How to find a power source

This technique only works if you can use an outlet as a power source that’s opposite, or nearly opposite, the place where you want your new outlet. To determine whether you can safely use an existing outlet, follow the list below.

  1. If a switch or outlet is on a circuit that often blows its breaker or fuse, don’t make matters worse by adding yet another outlet to the circuit.
  2. Electrical codes restrict the number of lights or outlets that can be connected to one circuit. Typically, you can have no more than eight lights or outlets on a 15-amp circuit. To determine the amp rating of a circuit, just look at the number on its breaker or fuse in your main electrical panel. Turn off the circuit and test light switches and other outlets to determine exactly which lights or outlets are on a given circuit.
  3. Most electrical codes now require outlets in kitchens and bathrooms to be on separate 20-amp GFCI circuits. So before using the method we show here to add an outlet in a kitchen or bathroom, check with an electrical inspector. If you add an outlet to a kitchen or bath, it must be GFCI protected. Don’t power your new outlet from a kitchen or bathroom outlet.
  4. Codes also limit the number of wires that can enter an electrical box, depending on the inside volume of the box and the gauge of the wires. The outlet-addition methods we show here are based on the most common wiring (14-gauge wire on a 15-amp circuit) and an 18-cu.-in. box (typical inside dimensions are about 2 in. x 3-1/4 in. x 3 in. deep). If the circuit is 20-amp—which means thicker, 12-gauge wire—or if the existing box is smaller than 18 cu. in., you can’t wire a new outlet as we show here unless you replace the existing box with a larger one. Plastic box sizes are stamped on the inside at the back.

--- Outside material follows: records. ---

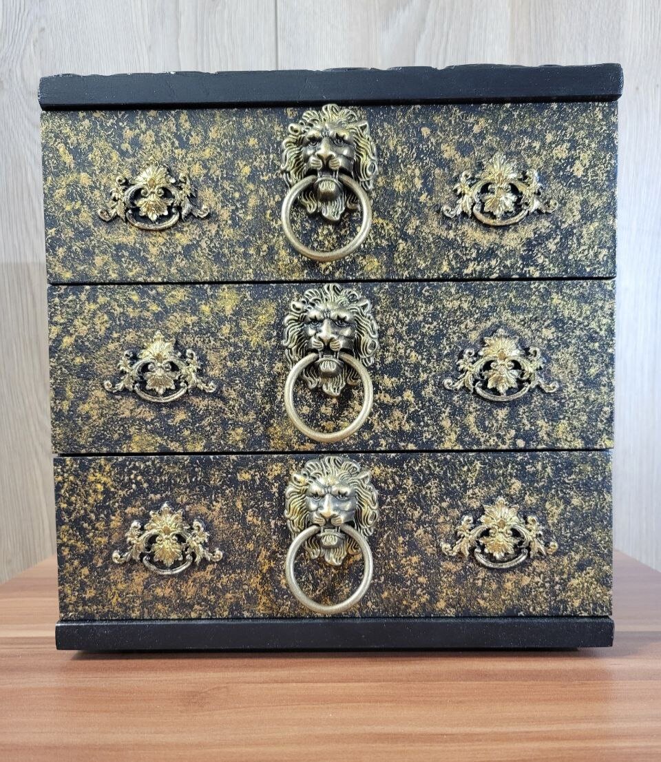 Ну что же, наш очередной мини комод из предыдущего поста преобразился и приоделся в новые одежды из лепнины и золота😻 Эта "лепнина" из шпатлевки появилась на комоде по причине того, что мне не понравилось как выглядит мдф просто под слоем краски, скучновато как-то. И после недолгих поисков в интернетах, я нашла этот способ декорирования изделий. Он до безобразия прост, но окончательный эффект мне понравился. На декорируемую поверхность наносится равномерный слой шпатлевки (у меня была по дереву) толщиной около 5 мм и, например, обратной стороной кисточки, "рисуем" круговыми движениями узор. Примерно так👇 Далее все это чудо хорошо сушим, шкурим неровности, красим, убираем под лак и любуемся своим трудом😻
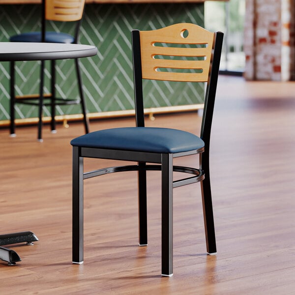 Boomerang Black Finish Chair with Navy Vinyl Seat and Cherry Wood Back
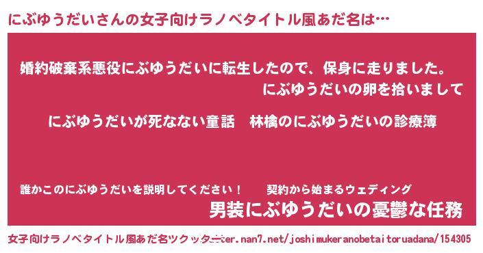 | 男性向けラノベタイトル風あだ名 | 『魔弾の王とにぶゆうだい』 |
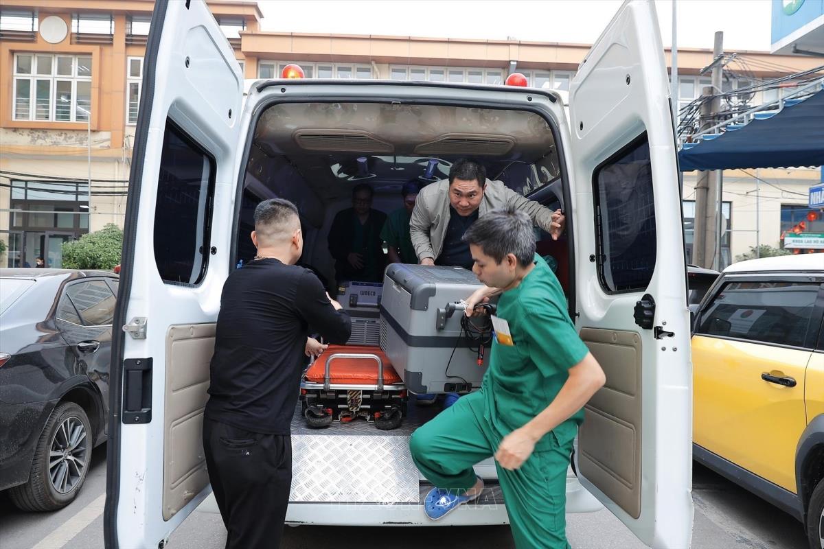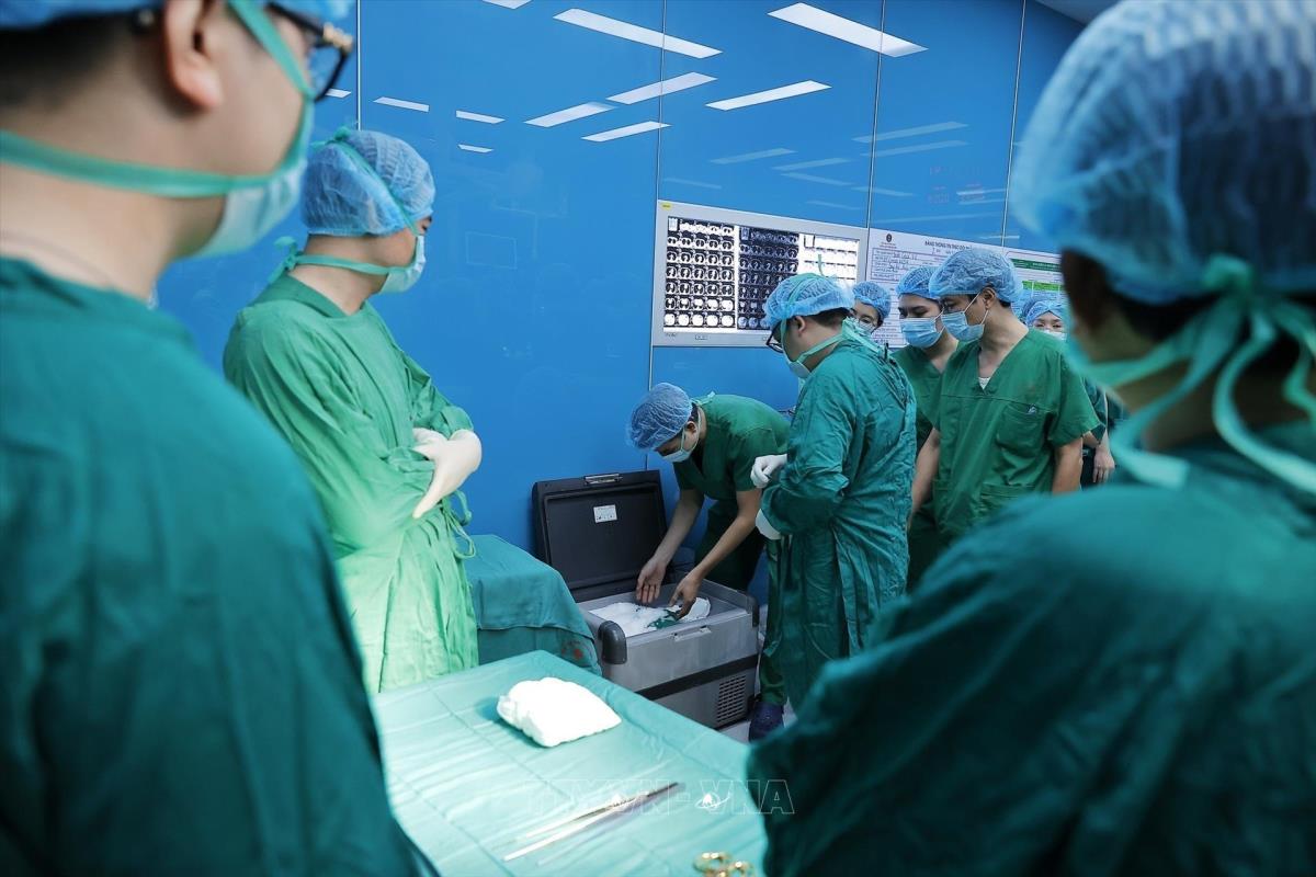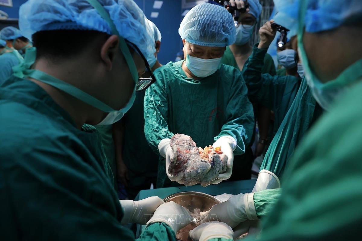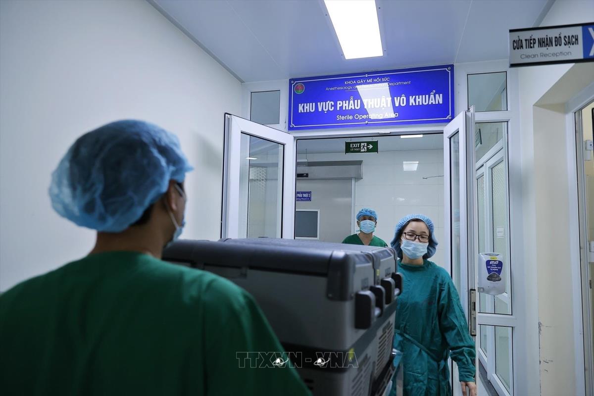 Quy trình lấy và ghép phổi vô cùng phức tạp, yêu cầu trình độ kỹ thuật cao và sự hỗ trợ của nhiều lĩnh vực chuyên sâu như bảo quản và vận chuyển tạng bằng công nghệ hiện đại, kiểm soát nhiễm khuẩn nghiêm ngặt, gây mê hồi sức, phẫu thuật lồng ngực, huyết học, phục hồi chức năng và dinh dưỡng... Ảnh: Minh Quyết – TTXVN

Always confirm the required box size with your local building inspector. In most regions, you have to obtain an electrical permit for this work from your local building department. This helps ensure a safe job.

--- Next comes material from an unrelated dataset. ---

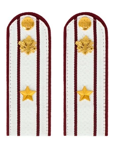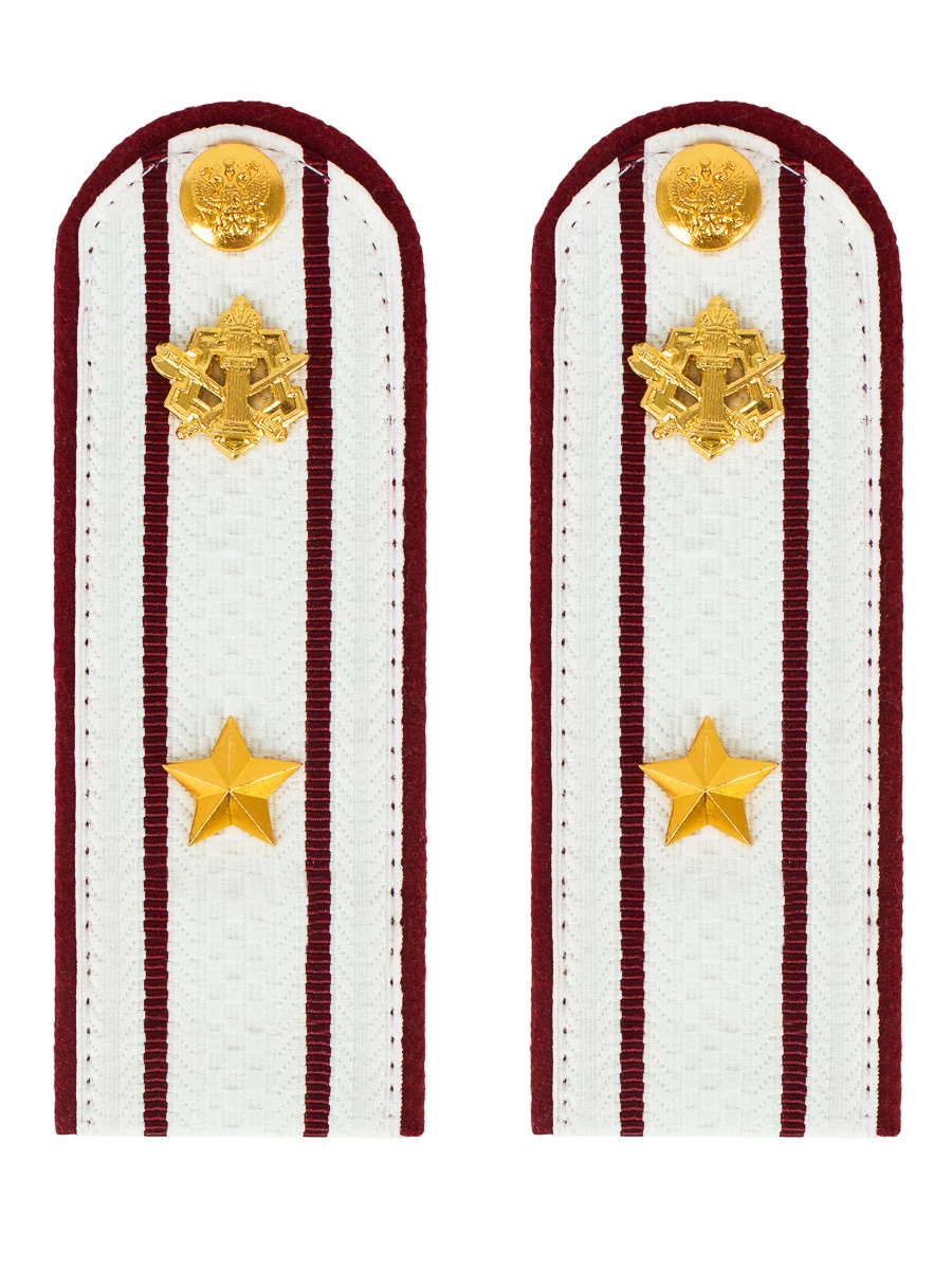 Размер 14 см на 5,5 см. Толщина 1 мм. Погоны ФСИН ткань жаккард белого цвета с краповым просветом на картонной основе. Погоны идут сразу в сборе с металлической фурнитурой из латуни и застежкой кляммером. При креплении жестких погон необходимо использовать застежку-кляймер. Необходимо продеть ленту погона в специальные петли на уставной форме.

Run the new cable and wire both boxes

Once you’ve determined the outlet that you’ll use as a power source and have shut it off, use an electronic stud finder to locate the studs on both sides. You can put your new outlet anywhere between these two studs.

Hold the face of the new electrical box against the wall where you want it to go, and trace around it with a pencil. Cut out the hole with a drywall saw. Note: Be sure to buy a “remodeling” box that can be secured to the drywall, not one that must be mounted on a stud.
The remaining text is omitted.